◆ **Task instructions**:
Your answer must be only the lines below from the one containing "This Coat of" through the one containing "Calender Month |", copied exactly, with the pictures left out.
Material supplied Block Start
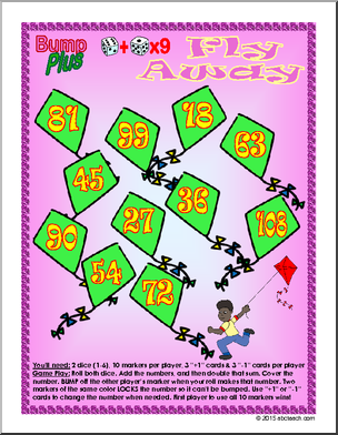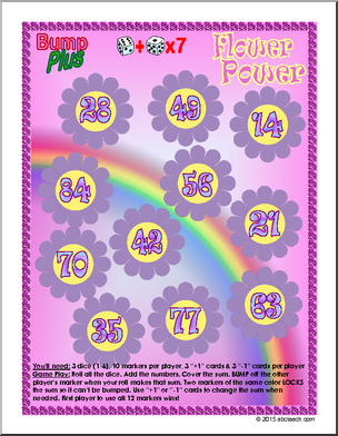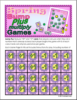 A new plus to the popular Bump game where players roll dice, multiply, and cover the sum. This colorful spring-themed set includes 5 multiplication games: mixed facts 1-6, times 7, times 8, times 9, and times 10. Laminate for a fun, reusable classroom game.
Material supplied Block End
Material supplied Block Start
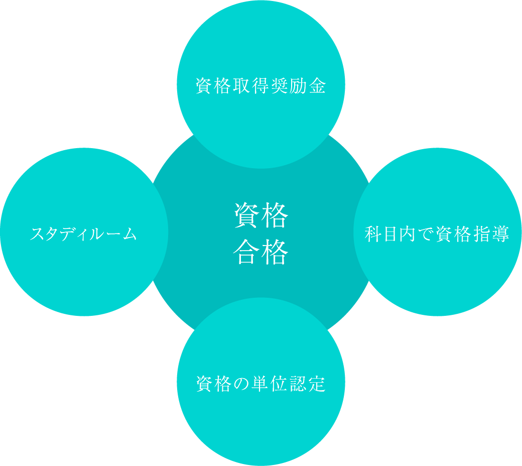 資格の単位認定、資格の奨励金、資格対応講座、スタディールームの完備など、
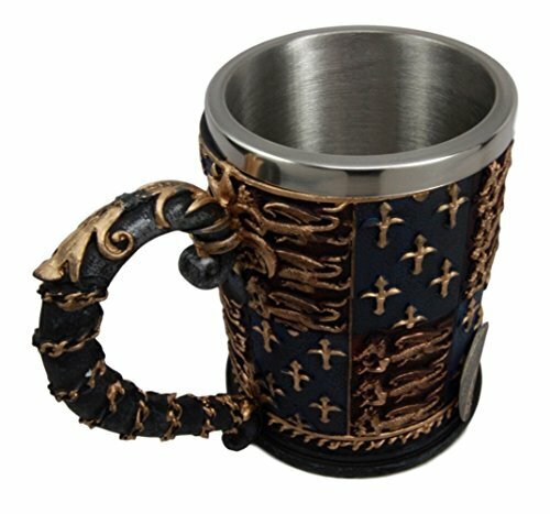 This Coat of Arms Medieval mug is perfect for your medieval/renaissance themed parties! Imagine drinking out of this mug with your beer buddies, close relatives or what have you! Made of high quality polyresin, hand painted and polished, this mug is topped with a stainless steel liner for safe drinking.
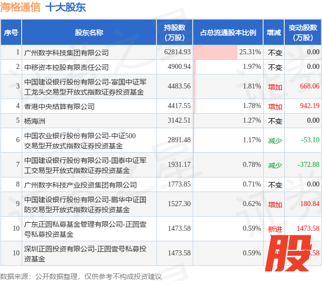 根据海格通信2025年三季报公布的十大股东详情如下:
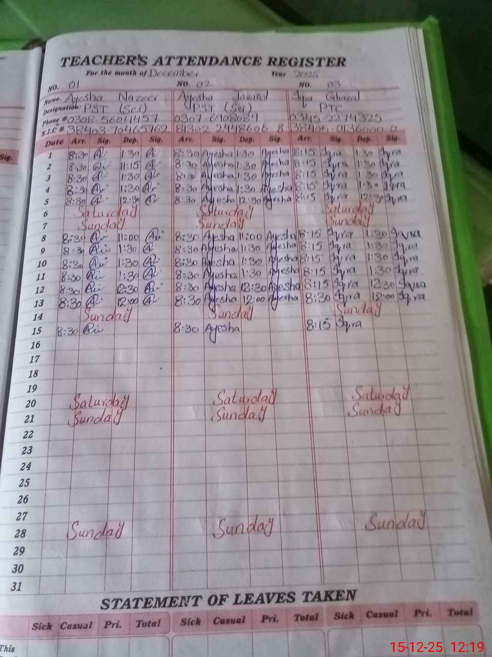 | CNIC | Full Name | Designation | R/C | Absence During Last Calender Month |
Material supplied Block End
Material supplied Block Start
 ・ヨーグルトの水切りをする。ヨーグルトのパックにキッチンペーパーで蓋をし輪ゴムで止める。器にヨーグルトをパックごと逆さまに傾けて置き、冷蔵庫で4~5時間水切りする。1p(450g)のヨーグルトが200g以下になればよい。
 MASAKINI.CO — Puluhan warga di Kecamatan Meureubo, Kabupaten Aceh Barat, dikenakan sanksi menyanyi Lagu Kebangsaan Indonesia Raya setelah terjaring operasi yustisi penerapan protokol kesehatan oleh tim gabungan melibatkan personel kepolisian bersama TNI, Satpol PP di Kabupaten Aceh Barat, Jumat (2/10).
Material supplied Block End
◆ **Solution for this exercise**:
 This Coat of Arms Medieval mug is perfect for your medieval/renaissance themed parties! Imagine drinking out of this mug with your beer buddies, close relatives or what have you! Made of high quality polyresin, hand painted and polished, this mug is topped with a stainless steel liner for safe drinking.
 根据海格通信2025年三季报公布的十大股东详情如下:
 | CNIC | Full Name | Designation | R/C | Absence During Last Calender Month |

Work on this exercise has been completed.